Assigned task: Transcribe each record word for word. Skip the images.

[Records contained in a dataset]
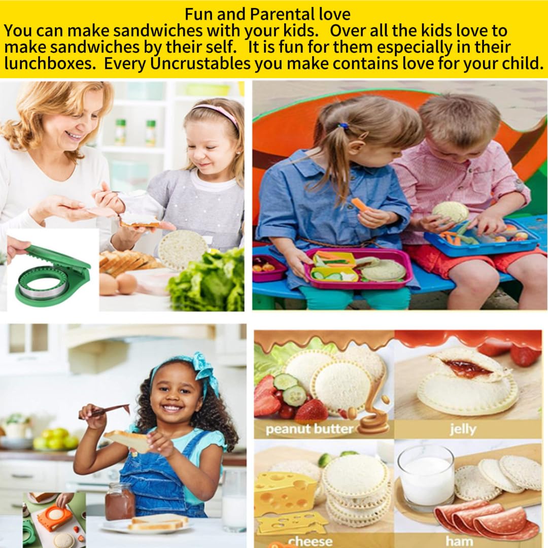 - Fun and Parental love:This Uncrustable Sandwich Maker is easy to use even a child can use this. You can make sandwiches with your kids. Over all the kids love to make sandwiches by their self. It is fun for them especially in their lunchboxes. Every Uncrustables you make contains love for your child.
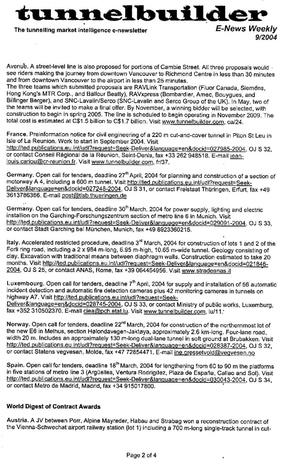 World Digest of Ongoing Tunneling
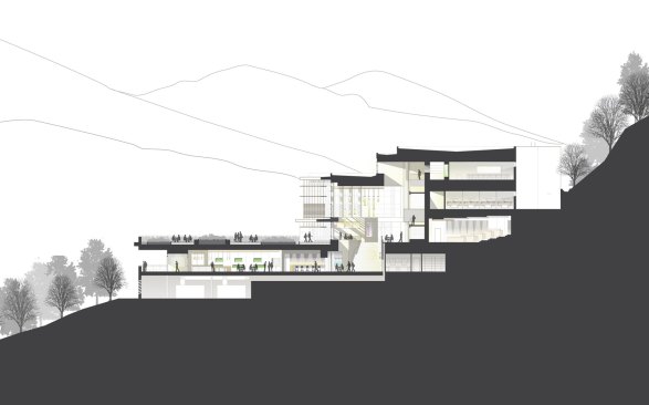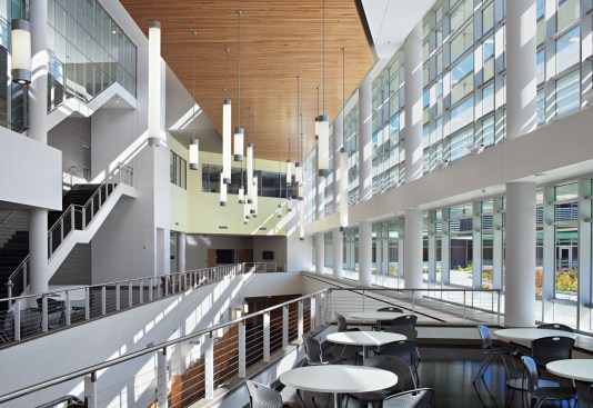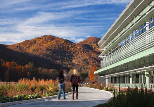 The College of Health and Human Sciences is the first project on Western Carolina University’s Millennial Campus, housing the Nursing, Health Sciences, Physical Therapy, Social Work, and Communication Sciences and Disorders departments. The building contains classrooms, research and teaching labs, offices, gathering spaces, and a coffee shop. A multi-disciplinary clinic provides specialized health and rehabilitation services and a rehabilitation pool for students to learn and practice aquatic therapy. Health and Human Sciences also operates a clinic, open to the community, where students work with patients under faculty supervision. Coordinating common spaces (including distance learning classrooms) maximized construction dollars and created interdisciplinary synergies among the departments. Offices are woven throughout the building to enhance cross pollination of ideas. The building includes student gathering space for individual and group study, and large meeting and multi-purpose areas.
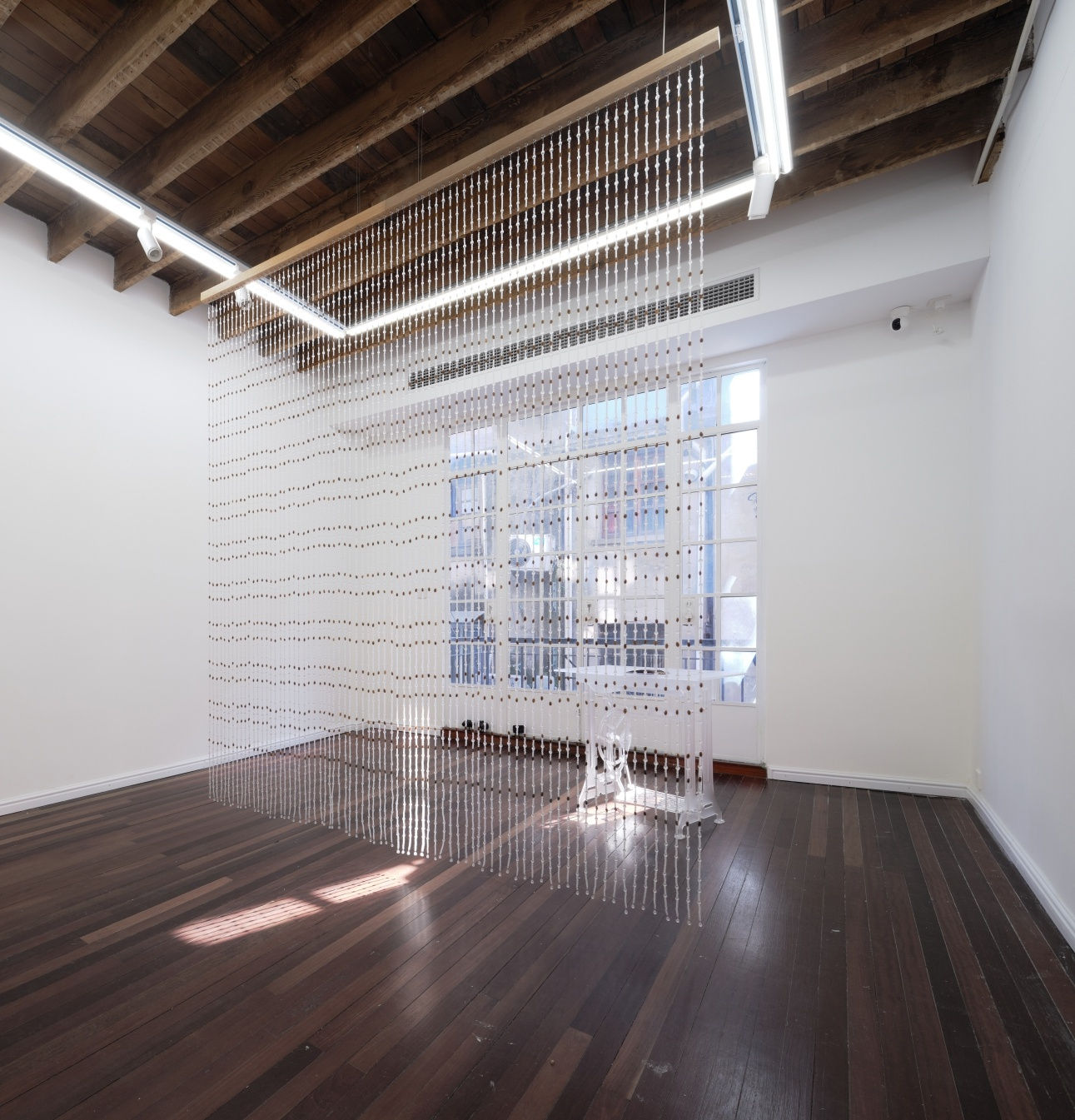 Amber Xiangning Lu's work is on display in the exhibition “rooted, yet flowing” at Nan Ke Gallery. Her works are composed of different media such as painting, sound and installation, Interwoven into the narrative of the gallery's last-century space is a field of ghost-like memories.The works in this exhibition focus on the artist's interest in psychological space and her expression of the coexistence of different temporal dimensions in the same physical space. She re-observes the past from the perspective of the future and unearths the subtle, eerie and unsettling atmosphere of childhood memories. The translucent material seems to be the “ghost” of the object, while in contrast, the old wood shows the traces of the user's history, a “relic” type of existence. In the space formed by the two and other materials, indoor and outdoor, everyday and non-everyday gradually merge to form a dream-like surreal scene.
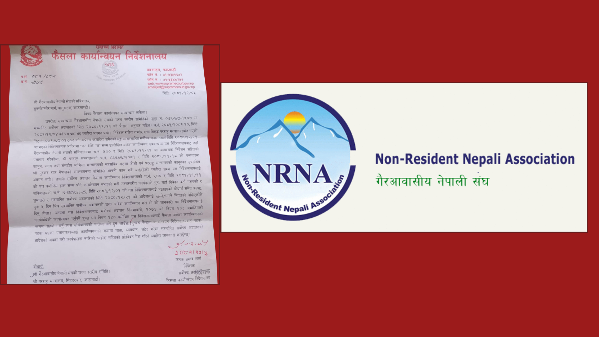 काठमाडौँ । गैरआवासीय नेपाली संघ (एनआरएनए)को सचिवालयलाई सर्वोच्च अदालतको फैसला कार्यान्वयन निर्देशनालयले चेतावनीयुक्त पत्र पठाएको छ । हाल डा.बद्री केसी नेतृत्वको एनआरएनएले सचिवालयबाट काम कारबाही गर्दै आएकोमा निर्देशनालयले शेष घले नेतृत्वको उच्चस्तरीय समितिलाई उक्त कार्यालयको जिम्मा दिन यसअघि पत्राचार गरेपनि कार्यान्वयन नभएपछि मंगलबार दोस्रो चेतावनीयुक्त पत्र पठाएको हो ।

Output of the exercise:
 - Fun and Parental love:This Uncrustable Sandwich Maker is easy to use even a child can use this. You can make sandwiches with your kids. Over all the kids love to make sandwiches by their self. It is fun for them especially in their lunchboxes. Every Uncrustables you make contains love for your child.
 World Digest of Ongoing Tunneling
 The College of Health and Human Sciences is the first project on Western Carolina University’s Millennial Campus, housing the Nursing, Health Sciences, Physical Therapy, Social Work, and Communication Sciences and Disorders departments. The building contains classrooms, research and teaching labs, offices, gathering spaces, and a coffee shop. A multi-disciplinary clinic provides specialized health and rehabilitation services and a rehabilitation pool for students to learn and practice aquatic therapy. Health and Human Sciences also operates a clinic, open to the community, where students work with patients under faculty supervision. Coordinating common spaces (including distance learning classrooms) maximized construction dollars and created interdisciplinary synergies among the departments. Offices are woven throughout the building to enhance cross pollination of ideas. The building includes student gathering space for individual and group study, and large meeting and multi-purpose areas.
 Amber Xiangning Lu's work is on display in the exhibition “rooted, yet flowing” at Nan Ke Gallery. Her works are composed of different media such as painting, sound and installation, Interwoven into the narrative of the gallery's last-century space is a field of ghost-like memories.The works in this exhibition focus on the artist's interest in psychological space and her expression of the coexistence of different temporal dimensions in the same physical space. She re-observes the past from the perspective of the future and unearths the subtle, eerie and unsettling atmosphere of childhood memories. The translucent material seems to be the “ghost” of the object, while in contrast, the old wood shows the traces of the user's history, a “relic” type of existence. In the space formed by the two and other materials, indoor and outdoor, everyday and non-everyday gradually merge to form a dream-like surreal scene.
 काठमाडौँ । गैरआवासीय नेपाली संघ (एनआरएनए)को सचिवालयलाई सर्वोच्च अदालतको फैसला कार्यान्वयन निर्देशनालयले चेतावनीयुक्त पत्र पठाएको छ । हाल डा.बद्री केसी नेतृत्वको एनआरएनएले सचिवालयबाट काम कारबाही गर्दै आएकोमा निर्देशनालयले शेष घले नेतृत्वको उच्चस्तरीय समितिलाई उक्त कार्यालयको जिम्मा दिन यसअघि पत्राचार गरेपनि कार्यान्वयन नभएपछि मंगलबार दोस्रो चेतावनीयुक्त पत्र पठाएको हो ।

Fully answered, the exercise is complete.